> _Task prompt_:
The copy you return should hold every record below word for word and no images.

(Extracted data entries)
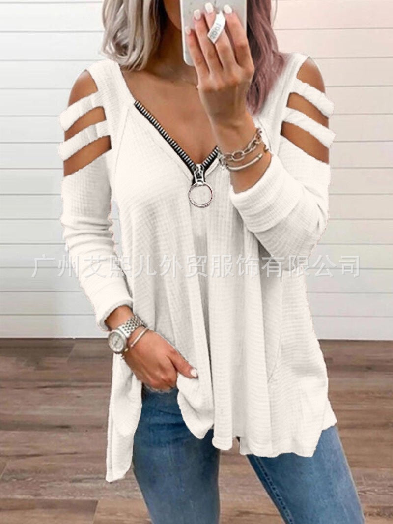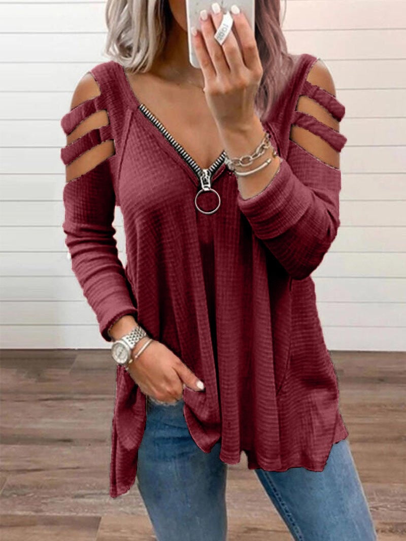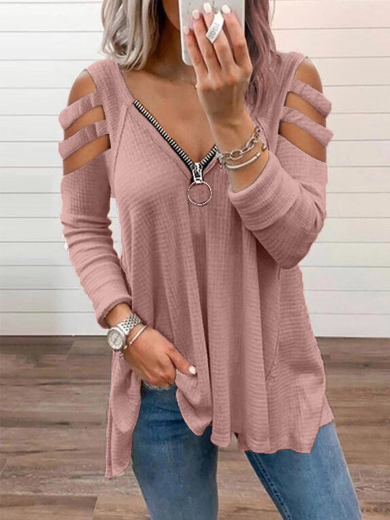 महिलाओं की लंबी आस्तीन स्ट्रैपी जिपर वी-नेक टॉप
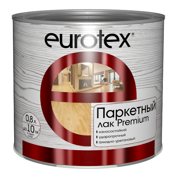 Лак паркетный глянцевый 0,8л EUROTEX PREMIUM применяется для защиты древесины (всех видов паркета и других деревянных полов, лестниц, настилов, а также любых вертикальных и горизонтальных поверхностей) от механических воздействий.
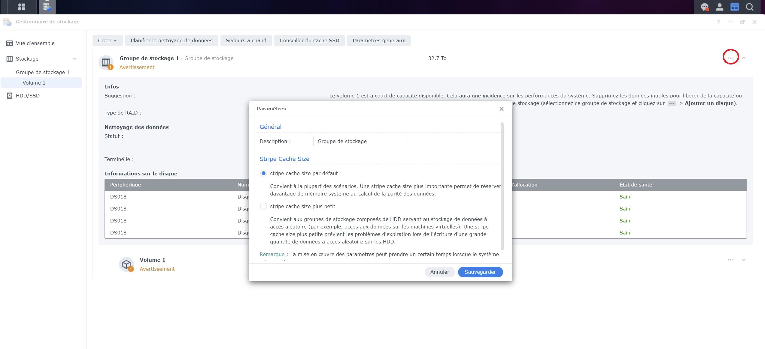 Bonjour et merci de me répondre. J'ai donc un seul groupe qui contient mes 4 disques. Je suis en RAID5 (Avec protection des données), mais pour le format je ne sais pas car je ne me souviens plus comment je les avais formatés. EDIT : je viens de trouver BTRFS. Oui, j'ai bien des "Attributs SMART" mais je ne vois pas comment les exporter. Pour les "données SMART" j'ai exporté en HTML l'historique et toutes les lignes ont "Sain". Merci de m'aider à vous fournir les informations dont vous avez besoin pour m'aider -
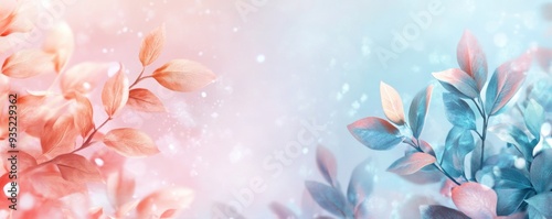 © Thi, Naklejka premium A gentle pastel gradient background adorned with a muted floral overlay.
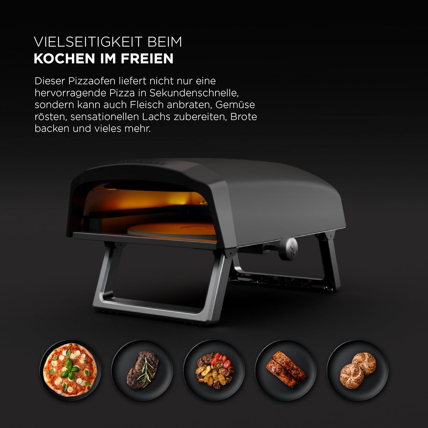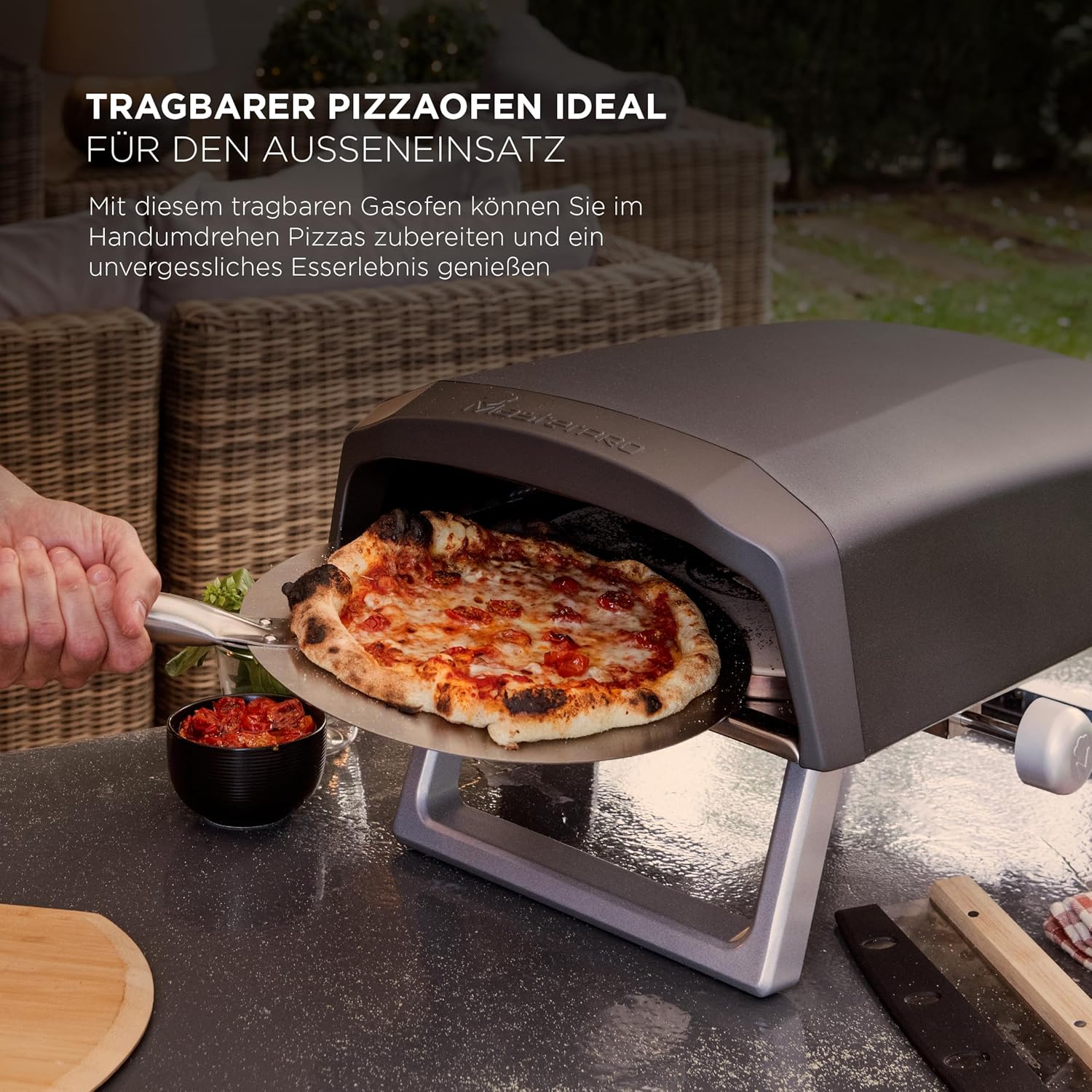 MasterPRO Napoli - Tragbarer Gas-Drehpizzaofen - Schnelles, gleichmäßiges Garen - Leistung bis zu 500°C - Pizzen in 60 Sekunden fertig - Tragetasche und Steintablett im Lieferumfang enthalten
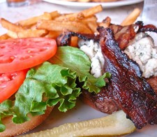 Set up your grill for INDIRECT cooking and pre-heat the coals. EAT BACON! You need them nice and hot to get a nice sear and to form the pepper crust! Cook on the HOT side for 3 to 5 minutes on first side. Flip burgers and grill another 3 to 5 minutes. Move burgers over to the indirect heat side of the grill. Add bacon and top with about a teaspoon of bleu cheese (if you like it rich, you can add more). Cover grill until cheese softens. Toast the rolls and EAT!
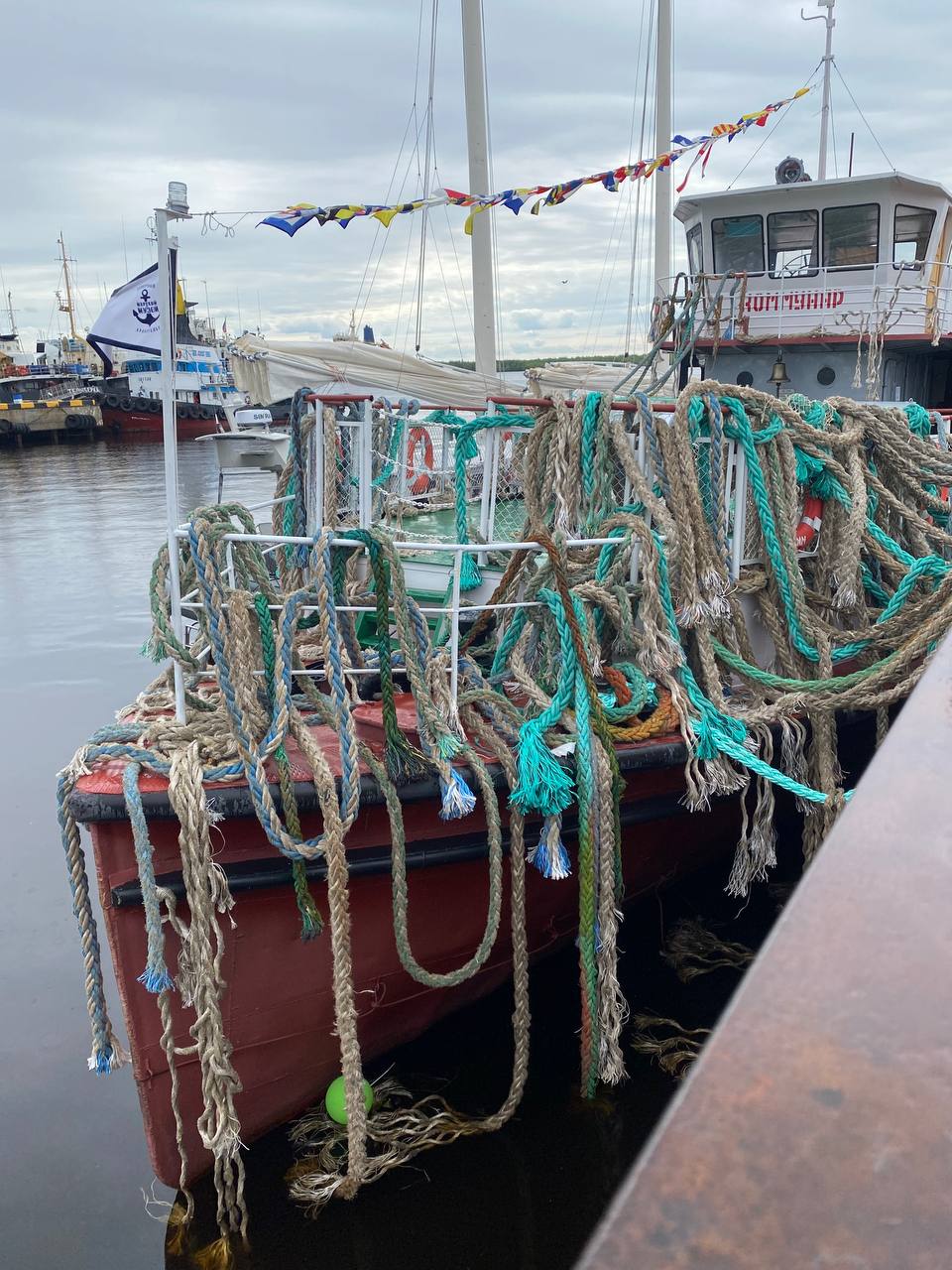 Девушки взяли иголки и сделали небольшие ковры. Их они повесили на канаты внутри трюма, добавив индустриальную звуковую инсталляцию. Они наполнили «Коммунар» звуками, которые были присущи судну во время его работы.
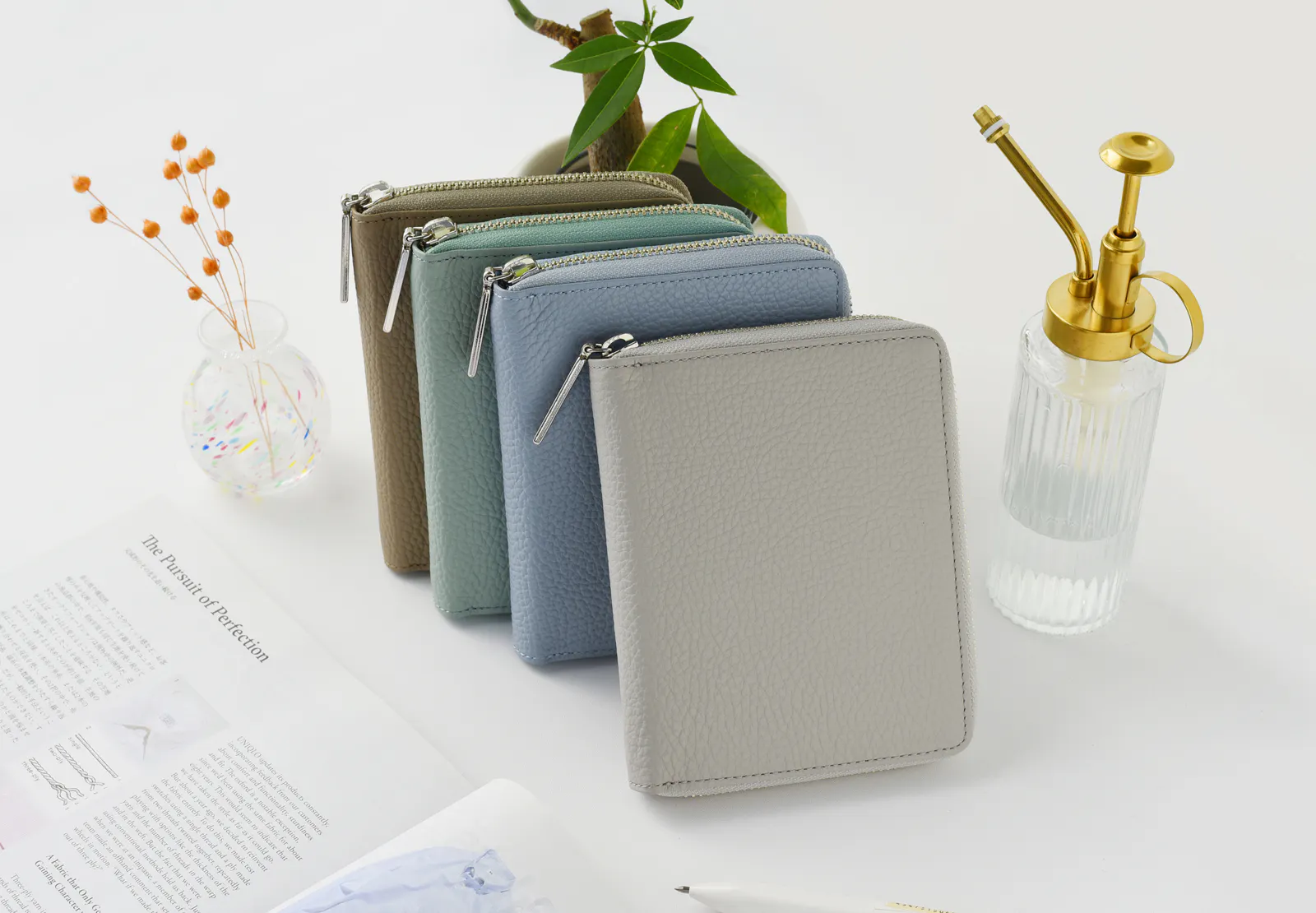 展開製品:コンパクト財布、長財布、名刺入れ、カード入れなどの革小物。
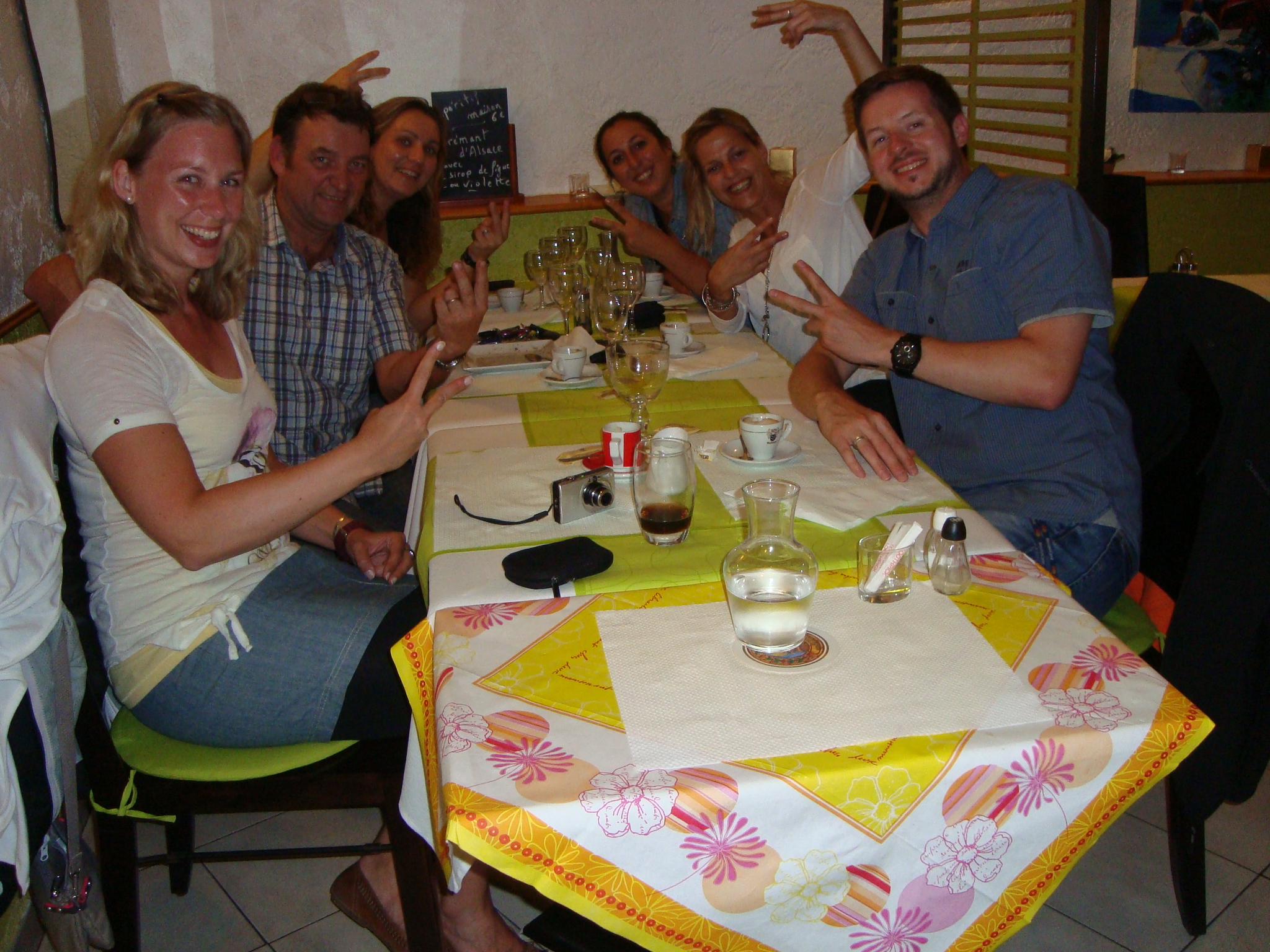 Esta parada fue una grata sorpresa. Cambió nuestros planes, los de los anfitriones y los de los otros huéspedes. Llegamos un domingo y no teníamos muchas esperanzas de hacer algo copado dado que todo suele estar cerrado, y más en un pequeño pueblo. Geoff nos ofreció cocinar spaghettis a la bolognesa, pero no hubo quorum. Una pareja joven de alemanes, Nadine y Tino, salía a cenar en un restaurant de un pueblo cercano, donde Cyndie les había reservado. Pedimos si nos reservaban también, y por último decidieron sumarse Geoff y Cyndie, acabando con la cena romántica de los alemanes. Conclusión: Geoff nos subió a todos a la camioneta y partimos a cenar juntos al pueblo de Cuers, en un restaurant mínimo atendido por sus dueños, en un pueblito cercano. Comimos unos pescados exquisitos, tomamos vino y nos reímos como hacía rato no sucedía.
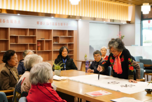 活動中,另一位80多歲的阿姨現(xiàn)場書寫了“春臺書香”四個大字,寄語書香社區(qū)的營建。
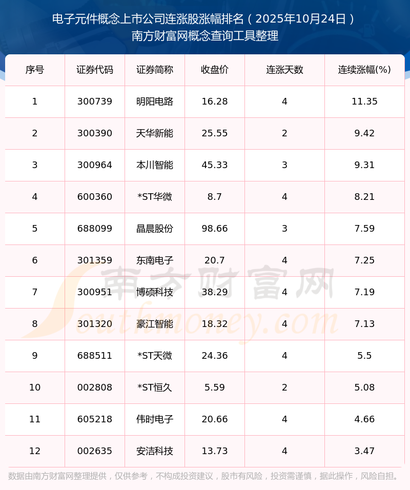 2025年10月24日電子元件概念上市公司連漲股漲幅排名
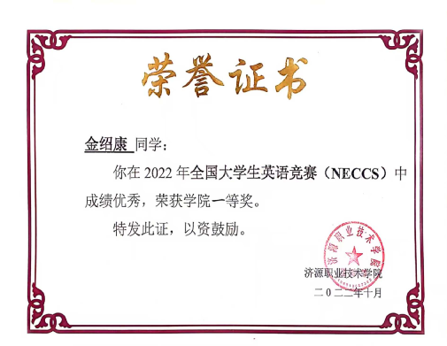 2022学年荣获全国大学生英语竞赛学院一等奖
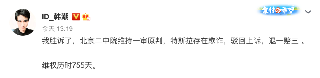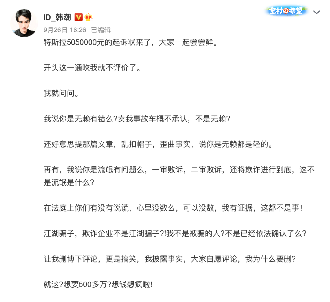 而韩先生的这些用词被他们认为会使公众对特斯拉形成负面认知,且名誉遭到严重损害。而针对特斯拉罗列的“罪状”,韩先生表示自己并无任何过错:首先,卖事故车不承认就是无赖;一审败诉,仍不服进行上诉,则是流氓;而江湖骗子,更是被法院判决“存在欺诈行为”所坐实,因此自己的言论与用词并无任何不恰当的地方。
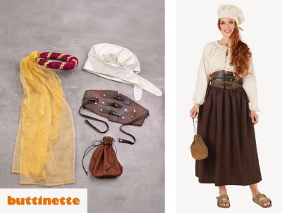 Nähanleitung "Set: Mittelalter Frau", exklusiv von buttinette, je eine Anleitung für einen Taillengürtel, eine Kopfhaube, ein Beuteltäschchen, einen Burgfräuleinkranz inkl. Schnittmuster, Größe kann individuell angepasst werden je nach Kopf- bzw. Taillenumfang, Schwierigkeitsstufe 2/3, Stoffempfehlung: Lederimitat, Webstoffe, Pannesamt, Organza.

> _Finished task_:
 महिलाओं की लंबी आस्तीन स्ट्रैपी जिपर वी-नेक टॉप
 Лак паркетный глянцевый 0,8л EUROTEX PREMIUM применяется для защиты древесины (всех видов паркета и других деревянных полов, лестниц, настилов, а также любых вертикальных и горизонтальных поверхностей) от механических воздействий.
 Bonjour et merci de me répondre. J'ai donc un seul groupe qui contient mes 4 disques. Je suis en RAID5 (Avec protection des données), mais pour le format je ne sais pas car je ne me souviens plus comment je les avais formatés. EDIT : je viens de trouver BTRFS. Oui, j'ai bien des "Attributs SMART" mais je ne vois pas comment les exporter. Pour les "données SMART" j'ai exporté en HTML l'historique et toutes les lignes ont "Sain". Merci de m'aider à vous fournir les informations dont vous avez besoin pour m'aider -
 © Thi, Naklejka premium A gentle pastel gradient background adorned with a muted floral overlay.
 MasterPRO Napoli - Tragbarer Gas-Drehpizzaofen - Schnelles, gleichmäßiges Garen - Leistung bis zu 500°C - Pizzen in 60 Sekunden fertig - Tragetasche und Steintablett im Lieferumfang enthalten
 Set up your grill for INDIRECT cooking and pre-heat the coals. EAT BACON! You need them nice and hot to get a nice sear and to form the pepper crust! Cook on the HOT side for 3 to 5 minutes on first side. Flip burgers and grill another 3 to 5 minutes. Move burgers over to the indirect heat side of the grill. Add bacon and top with about a teaspoon of bleu cheese (if you like it rich, you can add more). Cover grill until cheese softens. Toast the rolls and EAT!
 Девушки взяли иголки и сделали небольшие ковры. Их они повесили на канаты внутри трюма, добавив индустриальную звуковую инсталляцию. Они наполнили «Коммунар» звуками, которые были присущи судну во время его работы.
 展開製品:コンパクト財布、長財布、名刺入れ、カード入れなどの革小物。
 Esta parada fue una grata sorpresa. Cambió nuestros planes, los de los anfitriones y los de los otros huéspedes. Llegamos un domingo y no teníamos muchas esperanzas de hacer algo copado dado que todo suele estar cerrado, y más en un pequeño pueblo. Geoff nos ofreció cocinar spaghettis a la bolognesa, pero no hubo quorum. Una pareja joven de alemanes, Nadine y Tino, salía a cenar en un restaurant de un pueblo cercano, donde Cyndie les había reservado. Pedimos si nos reservaban también, y por último decidieron sumarse Geoff y Cyndie, acabando con la cena romántica de los alemanes. Conclusión: Geoff nos subió a todos a la camioneta y partimos a cenar juntos al pueblo de Cuers, en un restaurant mínimo atendido por sus dueños, en un pueblito cercano. Comimos unos pescados exquisitos, tomamos vino y nos reímos como hacía rato no sucedía.
 活動中,另一位80多歲的阿姨現(xiàn)場書寫了“春臺書香”四個大字,寄語書香社區(qū)的營建。
 2025年10月24日電子元件概念上市公司連漲股漲幅排名
 2022学年荣获全国大学生英语竞赛学院一等奖
 而韩先生的这些用词被他们认为会使公众对特斯拉形成负面认知,且名誉遭到严重损害。而针对特斯拉罗列的“罪状”,韩先生表示自己并无任何过错:首先,卖事故车不承认就是无赖;一审败诉,仍不服进行上诉,则是流氓;而江湖骗子,更是被法院判决“存在欺诈行为”所坐实,因此自己的言论与用词并无任何不恰当的地方。
 Nähanleitung "Set: Mittelalter Frau", exklusiv von buttinette, je eine Anleitung für einen Taillengürtel, eine Kopfhaube, ein Beuteltäschchen, einen Burgfräuleinkranz inkl. Schnittmuster, Größe kann individuell angepasst werden je nach Kopf- bzw. Taillenumfang, Schwierigkeitsstufe 2/3, Stoffempfehlung: Lederimitat, Webstoffe, Pannesamt, Organza.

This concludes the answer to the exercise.